## 'Finding a Shared Motif'

**Connections**: `SUBS`, `HAMM`

---


**Given**: A collection of *k* (*k*≤100) DNA strings of length at most 1 kbp each in FASTA format.

**Return**: A longest common substring of the collection. (*If multiple solutions exist, you may return any single solution*)


*Notes*:


In [1]:
# Libraries to load:

import random


In [2]:
# Previous functions generated

def fasta_dictionary(path_to_filename):
    '''
    A more robust function that in the `nb_gc` notebook. Here, open a FASTA file and keep only the identifier and the sequence (ignoring any additional information).
    Convert into a dictionary.
    Output: a dictionary where the key-value pairs are sequence IDs and sequences, respectively
    '''
    with open(path_to_filename, 'r') as f:
        lst  = f.readlines()
    f.close()
    for i in range(len(lst)):
        if lst[i].startswith('>'):
            lst[i] = lst[i].split(' ')[0]+'\n'
    lst  = [i.replace('\n', ' ') for i in lst]
    str1 = ''.join(lst)  
    lst2 = str1.split('>')
    lst2 = lst2[1:]
    seq_dict = {lst2[i].split(' ')[0]:''.join(lst2[i].split(' ')[1:]) for i in range(len(lst2))}
    del lst, lst2
    return seq_dict



In [3]:
seq_dict = fasta_dictionary("datasets/rosalind_sample_dataset.txt")
print(seq_dict)
del seq_dict

{'Rosalind_1': 'GATTACA', 'Rosalind_2': 'TAGACCA', 'Rosalind_3': 'ATACA'}


In [4]:
seq_dict = fasta_dictionary("datasets/rosalind_fasta_sample.txt")
print(seq_dict)
print()
for key in seq_dict.keys():
    print(key, len(seq_dict[key]))
del seq_dict

{'Taxon1': 'CCTGCGGAAGATCGGCACTAGAATAGCCAGAACCGTTTCTCTGAGGCTTCCGGCCTTCCCTCCCACTAATAATTCTGAGGACGCAAT', 'Taxon2': 'CCATCGGTAGCGCATCCTTAGTCCAATTAAGTCCCTATCCAGGCGCTCCGCCGAAGGTCTATATCCATTTGTCAGCAGACACGCAAT', 'Taxon3': 'CCACCCTCGTGGTATGGCTAGGCATTCAGGAACCGGAGAACGCTTCAGACCAGCCCGGACTGGGAACCTGCGGGCAGTAGGTGGAAT'}

Taxon1 87
Taxon2 87
Taxon3 87


In [104]:
def common_motif_checker(path_to_fasta):
    '''
    Load in the path to FASTA document and generate a sequence dictionary.
    First, determine all unique substrings found in every sequence of document, ranging in size from 2-nt to
     a maximum length of L-1, where L is the length of that sequence.
    Second, for each item in the unique substrings list, determine if found in every sequence in dictionary.
    Third, determine the largest length of substing in the common substrings list, and then keep substrings with only that length.
    Return: list of substrings of longest length
    '''
    seq_dict        = fasta_dictionary(path_to_fasta)
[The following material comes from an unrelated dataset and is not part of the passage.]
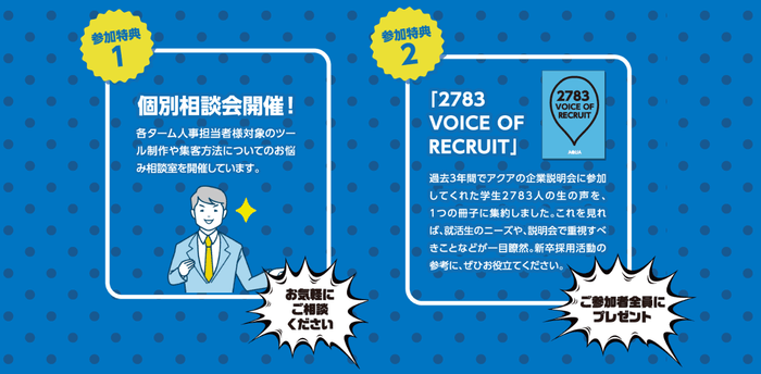 という結果も出ています。そんなアクアが考える圧倒的に学生集客を増やし、より学生に響きファンになってもらうための方法をお伝えするミニセミナーを採用映像・採用パンフレット・合同説明会装飾の3つのテーマで同時開催します。

    full_substrings   = []
    for key in list(seq_dict.keys()):
        check_list=[]
        maxlength = len(seq_dict[key])
        if maxlength >= 250:
            maxlength = 250
        for i in range(2, maxlength):
            for j in range(0, len(seq_dict[key])):
                substring = seq_dict[key][j:j+i]
                if len(substring)==i:
                    check_list.append(substring)
                del substring
        check_list = list(set(check_list))
        if len(check_list) > len(full_substrings):
            full_substrings = check_list[:]
            std_key = key
        del maxlength, check_list
    print("All possible uniques substrings between n=2 & n=(L-1) with standard key "+std_key+":", len(full_substrings))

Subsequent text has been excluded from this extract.